Factoring a polynomial is to write it as the product of simpler polynomials.

Example
2 x + 4 = 2 · x + 2 · 2 = 2 (x + 2) the common factor is 2
3 x^{ 2} - x = 3 x · x - 1 · x = x (3x - 1) the common factor is x

NOTE: that it is very easy to check if your factorization is correct by expanding the factored form to check if you get the original polynomial
Example: check that 3 x^{ 2} - x = x (3x - 1) by expand x (3x - 1) using the law of distributivity as follows:
x (3x - 1) = (x) (3x) +(x) (-1) = 3 x^{2} - x , which is correct.

More Examples

Find a common factor and use the method of distributivity in reverse to factor the polynomials completely.
a) 9 x - 6
b) x^{ 2} - x
c) 3 x + 12 x y
d) 16 x^{ 3} + 8 x^{ 2} y + 4 x y^{ 2}
e) 2 x^{ 4}(x + 5) + x^{ 2}(x + 5)

Solution to the above examples

a)
Find any common factors in the two terms of 9 x - 6 by expressing both terms 9x and 6 in the given binomial as prime factorization.

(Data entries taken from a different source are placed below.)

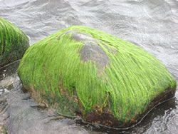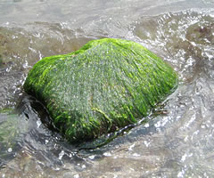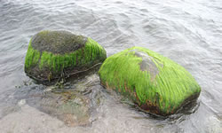 Meist sehg dat ut, as harr en Künstler siene "Werke" in 't Water vun de Ostsee stellt. Hier mal en Steen, dor mal en Steen un all weern övertrocken vun en wunnerfien Gröön. Ik kladder also rünner an 'n Strand un leep dörch den Sand bet an de Waterkant. Dat Gröne weer en Plant. Natüürlich dach ik eerst an Seegras man nee, Seegras weer dat doch wohl nich.
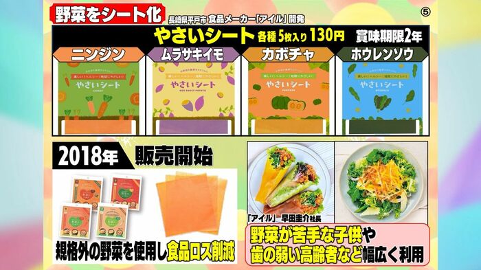 長崎県の食品メーカー「アイル」が開発したのは、「やさいシート」。
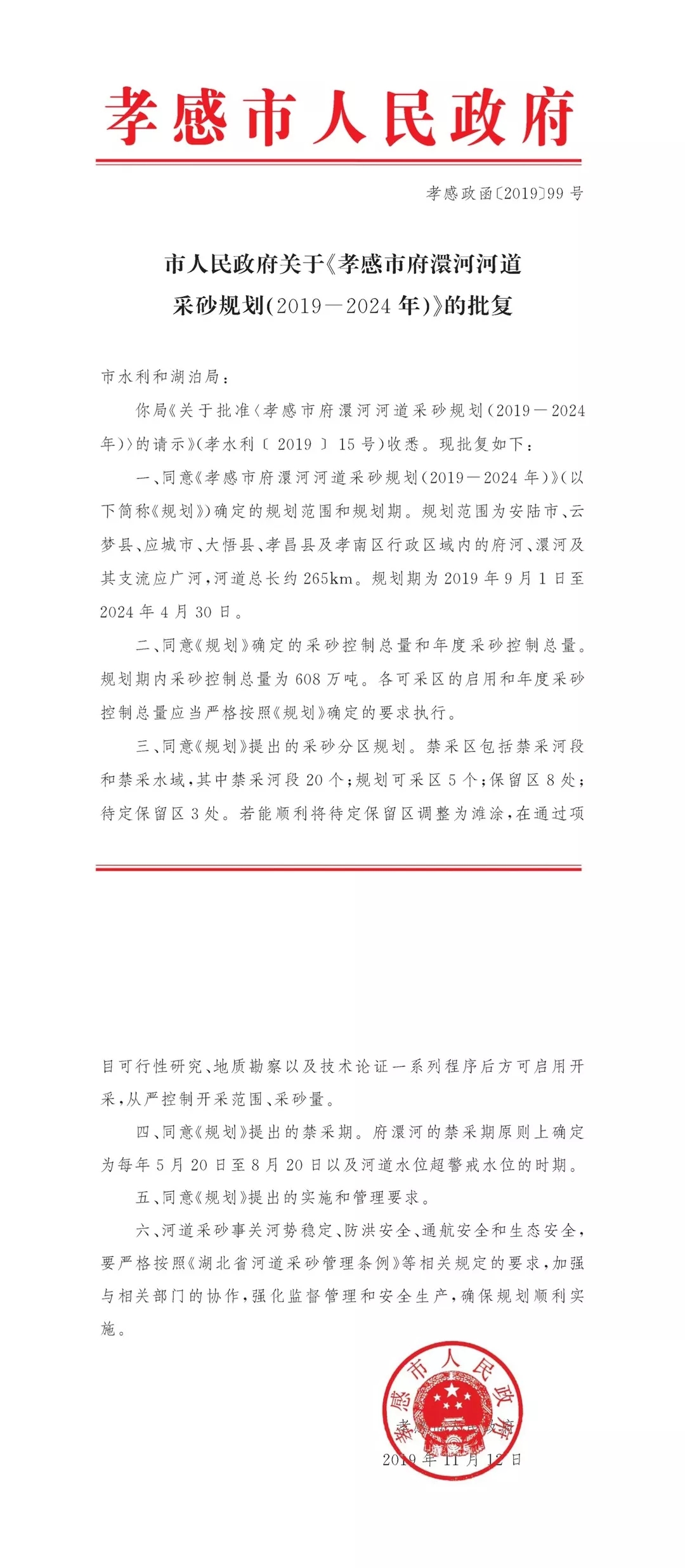 永業行承擔的孝感市府澴河河道采砂規劃通過孝感市政府批復

Hence
9 x - 6 = 3 ·3 ·x - 2 ·3
The greatest common factor is 3 and is factored out. Hence
9 x - 6 = 3 (3 x - 2)

b)
The prime factorization of x^{ 2} and x is needed to find the greatest common factor in x^{ 2} - x.
x^{ 2} - x = x · x - x = x · x - 1 · x
The greatest common factor is x and is therefore factored out. Hence
x^{ 2} - x = = x (x - 1)

c)
The prime factorizations of 3 x and 12 x y are needed to find the greatest common factor in 3 x + 12 x y.
3 x + 12 x y = 3 · x - 3 · 4 · x · y = 3 · x · 1 - 3 x · 4 · y
The greatest common factor is 3 x. Hence
3 x + 12 x y = 3 x (1 + 4 y)

d)
The prime factorization of 16 x^{ 3} , 8 x^{ 2} y and 4 x y^{ 2} are needed to find the greatest common factor in 16 x^{ 3} + 8 x^{ 2} y + 4 x y^{ 2}.
16 x^{ 3} + 8 x^{ 2} y + 4 x y^{ 2}
= 2 · 2 · 2 · 2 · x · x · x + 2 · 2 · 2 · x · x · y + 2 · 2 · x · y · y
The greatest common factor is 2 · 2 · x = 4 x. Hence
16 x^{ 3} + 8 x^{ 2} y + 4 x y^{ 2} = 4 x ( 2 · 2 · x · x + 2 · x · y + y · y) = 4 x (4 x^{ 2} + 2 x y + y^{ 2})

e)
We note that x + 5 is a common factor which can be factored out as follows:
2 x^{ 4}(x + 5) + x^{ 2}(x + 5) = (x + 5)(2 x^{ 4} + x^{ 2})
We now find the greatest common factor of the terms 2 x^{ 4} and x^{ 2} and factor it out.
2 x^{ 4} + x^{ 2} = 2 · x · x · x · x + x · x = x^{ 2} (2 x^{ 2} + 1)
The complete factoring of 2 x^{ 4}(x + 5) + x^{ 2}(x + 5) is written as follows:
2 x^{ 4}(x + 5) + x^{ 2}(x + 5) = x^{ 2}(x + 5)(2 x^{ 2} + 1)

Questions

Use common factors to factor completely the following polynomials
a) - 3 x + 9
b) 28 x + 2 x ^{ 2}
c) 11 x y + 55 x ^{ 2} y
d) 20 x y + 35 x ^{ 2} y - 15 x y ^{ 2}
e) 5 y (x + 1) + 10 y ^{ 2}(x + 1) - 15 x y (x + 1)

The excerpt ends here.